Ok, short of removing the door from the hinges, how do I get the kids to stop slamming their doors? Sometimes they do it in anger, sometimes they do it while playing around. The first time they do it, I gently remind them that we don't slam doors and why (fingers get hurt, pictures fall off the walls - this has happened many times). The second time they do it, I talk a little more sternly. But what do I do when it keeps happenening, like this morning?

We don't do timeouts so please don't suggest that.


----------



## LynnS6 (Mar 30, 2005)

If my kids slam a door once in anger, I let it go. I've been known to do that on more than one occasion







:. In fact, we came in yesterday and my kids were REALLY mad at each other because neither would compromise with the other on how they wanted to play a game. So, they had a pretty loud fight, complete with "You always ruin everything!" and "I hate you!" Ds walked in the door and slammed it hard. Dd was about 5 feet behind him. She walked in the door and slammed it hard. I let it go.

If they do it more than once, then we stop and 'practice' closing the door gently.


----------



## Evan&Anna's_Mom (Jun 12, 2003)

Quote:


Originally Posted by *MtBikeLover* 
Ok, short of removing the door from the hinges, how do I get the kids to stop slamming their doors?

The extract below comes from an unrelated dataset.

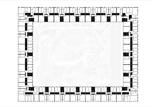 El objetivo es crear un paisaje interior que recuerde al campo manchego. Sus plantaciones recrean un microclima que filtra las altas temperaturas estivales mediante la refrigeración por evaporación y, con el uso sensato de la xerojardinería, se consigue reducir la demanda de agua para los espacios comunes. Se estudia el impacto de los vientos dominantes, de modo que el volumen se moldea para evitarlos o favorecer su paso a través del edificio. Se ha previsto una zona específica para el cultivo de esparto con el fin de proporcionar a la Comunidad la materia prima para la fabricación y posterior reparación de las persianas naturales de protección solar. Con ello, la Arquitectura recupera estas persianas tradicionales, especialmente adecuadas para este tipo de clima, ya que proporcionan sombra al tiempo que permiten el paso del aire.

Honestly, at one point when DS was slamming the door repeatedly I did exactly that.


----------



## LaLaLaLa (Oct 29, 2007)

My MIL used to have foam u-shaped things that fit over the top of a door and prevented it from closing entirely (to prevent slamming? To make sure no grandkids got their fingers stuck?). I'm not exactly sure why she had them, but they stopped the doors from closing all the way. However, you'd have to constantly be removing them and putting them back on if your kids do like to have their doors closed sometimes, and are permitted to have them closed.

I'd probably buy a couple of those and put them high enough on the door that my kids would need to stand on one of their little chairs to get the foam piece off. By the time they dragged a chair in and removed the foam piece, I'd hope they would be rational enough not to slam the door. Probably not.


----------